The rules that have been put into effect by bishops presumably intend (ratio iustitiae) to limit the spread of the contagion (communis utilitas). However, they definitely neglect another bonum, higher than that of physical health, namely, the salus animarum or spiritual health which coincidentally is (or should be) the supreme lex of every action of the Church. The point to understand is that God has chosen to communicate His Grace through the sacramental channels to which we are connected. Of course, God is not limited to these means, but we are. The significance of this is that in the impossibility of accessing the sacraments - because one is sick or because the priest cannot be reached in a reasonable time and place - God is sovereign and can grant sacramental Grace even in the absence of the sacrament itself.

But what we are experiencing is quite different: the priests are there and most of the people are in fact not sick. Ergo, we are bound to approach the sacraments. Moreover, priests who remain faithful to their priestly identity do well to meet the supernatural needs of souls who request the sacraments when duly available.

And what about getting infected with the coronavirus? Well, since you can go to the supermarket, tobacconists, newsstands, and ride the bus, with similar precautions, you can also go to Mass and receive the sacraments. Period.

The priests who have found the courage to do this, even formally going against the provisions of their bishops, are more fully obedient than those who have completely followed every letter of the law. They follow the example of Christ himself and the Apostles, who did not hesitate to disobey rules required of them by the legitimate religious authorities of the time - of which Jesus even said "what they tell you, do it and observe it" (Mt 23, 3 ) - in order to obey higher principles, that is, God Himself.

Whether they know it or not, these priests have acted according to the virtue of epikeia, the fullness of justice and obedience. It is not an exception to obedience, or imperfect obedience, but exactly the opposite.

Bishop Athanasius Schneider is one of the few bishops who has raised his voice to shake priests from their fear and false conscience of formal obedience.

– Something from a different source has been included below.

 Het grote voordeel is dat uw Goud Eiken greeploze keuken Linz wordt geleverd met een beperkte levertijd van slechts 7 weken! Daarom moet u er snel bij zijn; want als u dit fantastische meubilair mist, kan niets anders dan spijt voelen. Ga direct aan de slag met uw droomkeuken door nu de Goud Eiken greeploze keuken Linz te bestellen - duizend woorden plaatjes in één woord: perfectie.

He said priests must remember that they are “first and foremost shepherds of immortal souls who are called by their priestly vocation to lay down their lives for the sheep…  They are to imitate Christ, who said: ‘The good shepherd lays down his life for the sheep. The mercenary instead, who is not a shepherd and to which the sheep do not belong, sees the wolf coming, abandons the sheep and runs away’ [...] If a priest observes in a reasonable manner all the necessary health precautions and uses discretion, he has not to obey the directives of his bishop or the government to suspend Mass for the faithful. Such directives are a pure human law; however, the supreme law in the Church is the salvation of souls. Priests in such a situation have to be extremely creative in order to provide for the faithful, even for a small group, the celebration of Holy Mass and the reception of the sacraments. Such was the pastoral behaviour of all confessor and martyr priests in the time of persecution." A higher good and a higher law is precisely what epikeia aims at.

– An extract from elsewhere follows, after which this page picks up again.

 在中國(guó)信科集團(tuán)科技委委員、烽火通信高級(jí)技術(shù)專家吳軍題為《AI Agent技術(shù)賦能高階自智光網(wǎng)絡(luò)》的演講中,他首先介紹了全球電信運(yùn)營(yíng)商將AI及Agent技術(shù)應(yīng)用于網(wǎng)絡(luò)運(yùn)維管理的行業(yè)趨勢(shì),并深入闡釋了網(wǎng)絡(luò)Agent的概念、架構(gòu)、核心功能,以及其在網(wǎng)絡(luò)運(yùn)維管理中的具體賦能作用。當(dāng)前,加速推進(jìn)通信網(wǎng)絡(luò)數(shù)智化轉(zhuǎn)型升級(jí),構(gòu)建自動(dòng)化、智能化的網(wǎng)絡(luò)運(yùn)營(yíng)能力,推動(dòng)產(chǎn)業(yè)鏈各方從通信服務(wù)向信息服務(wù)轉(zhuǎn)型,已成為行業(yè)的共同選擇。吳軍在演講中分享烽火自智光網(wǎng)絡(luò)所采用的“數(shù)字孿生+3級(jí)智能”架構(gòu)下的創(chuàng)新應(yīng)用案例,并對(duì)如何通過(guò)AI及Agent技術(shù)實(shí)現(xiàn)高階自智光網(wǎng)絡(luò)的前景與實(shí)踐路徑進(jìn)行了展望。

Be brave, dear priests! May the faithful be equally courageous. You have the right to be disturbed. There is even part of the secular world that has taken notice of the totalitarian shift this emergency situation is taking. And us Catholics, what are we doing? We who know that Mass is more necessary for humanity than the sun; we who know by faith that the Eucharist is more necessary than bread. We are those who have promised to put God first at all times, even before our own lives. Will we accept, out of a misunderstanding of the nature of obedience and prudence, that the total gift of self that Christ made in the Eucharist remains locked up in our tabernacles?

Note: All those bishops and theologians who invoked epikeia following the release of the encyclical Amoris Laetitia are not so zealous in this situation. As the proverbial saying goes: “A tree is known by its fruits.”